↓↓↓

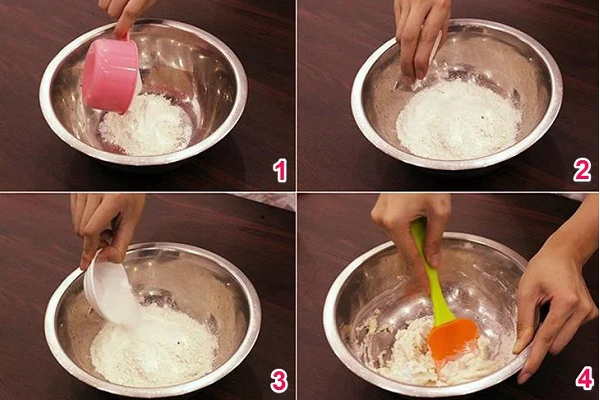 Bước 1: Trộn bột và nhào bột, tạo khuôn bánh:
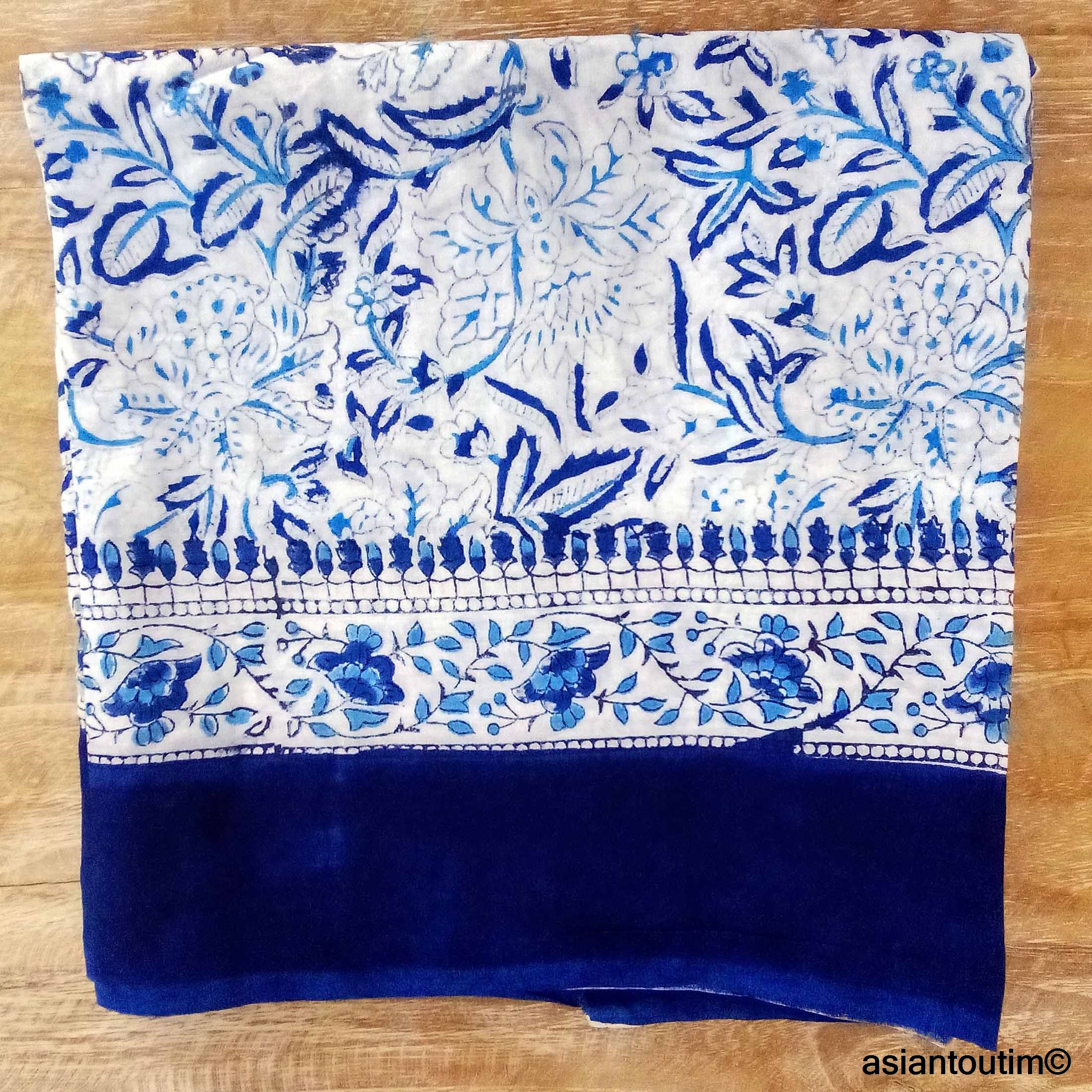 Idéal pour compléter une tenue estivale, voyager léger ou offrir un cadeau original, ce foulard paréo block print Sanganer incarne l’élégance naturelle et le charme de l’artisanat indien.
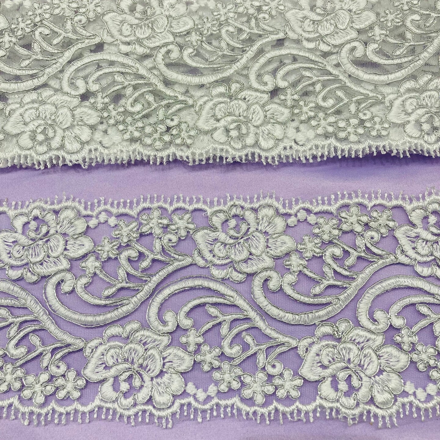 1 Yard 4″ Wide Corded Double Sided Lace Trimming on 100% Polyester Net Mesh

↑↑↑

Would you transcribe the whole listing above exactly? The pictures should not be included.

§ Exercise result
 Bước 1: Trộn bột và nhào bột, tạo khuôn bánh:
 Idéal pour compléter une tenue estivale, voyager léger ou offrir un cadeau original, ce foulard paréo block print Sanganer incarne l’élégance naturelle et le charme de l’artisanat indien.
 1 Yard 4″ Wide Corded Double Sided Lace Trimming on 100% Polyester Net Mesh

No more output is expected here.